*** Opening of Data ***

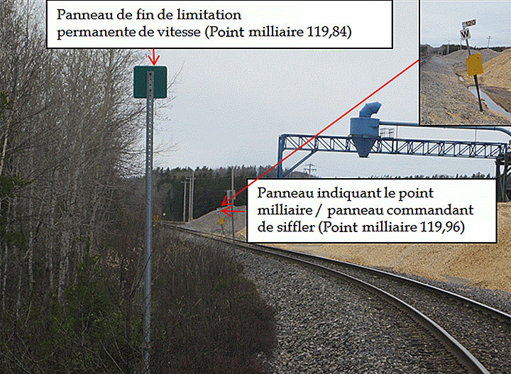 Étant donné que l'indication du point milliaire et le panneau de fin de limitation de vitesse auraient dû être situés au point milliaire 120 et que le panneau commandant de siffler aurait dû être situé au point milliaire 119,93, le mauvais emplacement de ces panneaux a été une source de confusion parmi les membres de l'équipe au sujet de l'exploitation du train. En raison de cette confusion, le train roulait à 37,1 mi/h lorsque sa queue a atteint la fin de la limitation de vitesse de 10 mi/h. Pour s'assurer que l'exploitation des trains se fasse en toute sécurité, les panneaux ferroviaires devraient être correctement situés et visibles de façon à ce qu'ils soient bien identifiés. Des panneaux ferroviaires qui ne peuvent être correctement identifiés ou qui sont situés au mauvais endroit peuvent entraîner de la confusion parmi les membres de l'équipe de train ou un manque d'uniformité dans l'application des règles, ou les deux, ce qui augmente les risques d'exploitation, surtout dans les environs des passages à niveau.
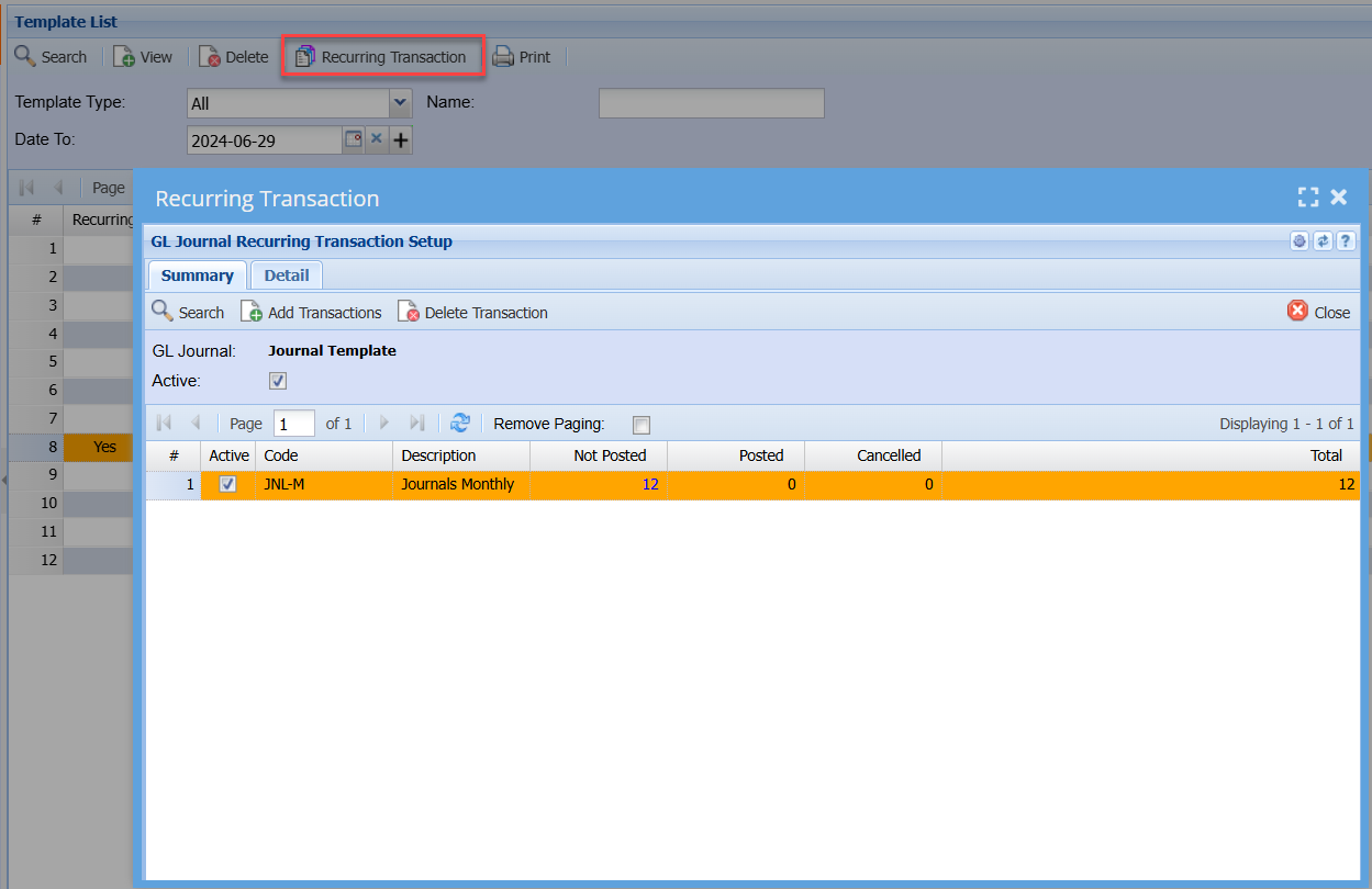General Ledger>Activity>Template List
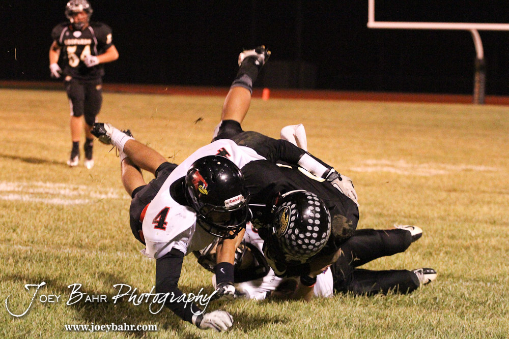 Ell-Saline Cardinal Luke Base (#4) tackles LaCrosse Leopard William Storie (#31) during the Ell-Saline at LaCrosse KSHSAA Class 2-1A Football Playoff game with LaCrosse Winning 35-6 at LaCrosse High School in LaCrosse, Kansas on November 2, 2012. (Photo: Joey Bahr, www.joeybahr.com)

*** Close of Data ***

◆ Instructions to follow: Set down word for word, from the line that contains "General Ledger>Activity>Template List" to the end of the listing above, every line and no picture.

◆ Answer to this task:
General Ledger>Activity>Template List
 Ell-Saline Cardinal Luke Base (#4) tackles LaCrosse Leopard William Storie (#31) during the Ell-Saline at LaCrosse KSHSAA Class 2-1A Football Playoff game with LaCrosse Winning 35-6 at LaCrosse High School in LaCrosse, Kansas on November 2, 2012. (Photo: Joey Bahr, www.joeybahr.com)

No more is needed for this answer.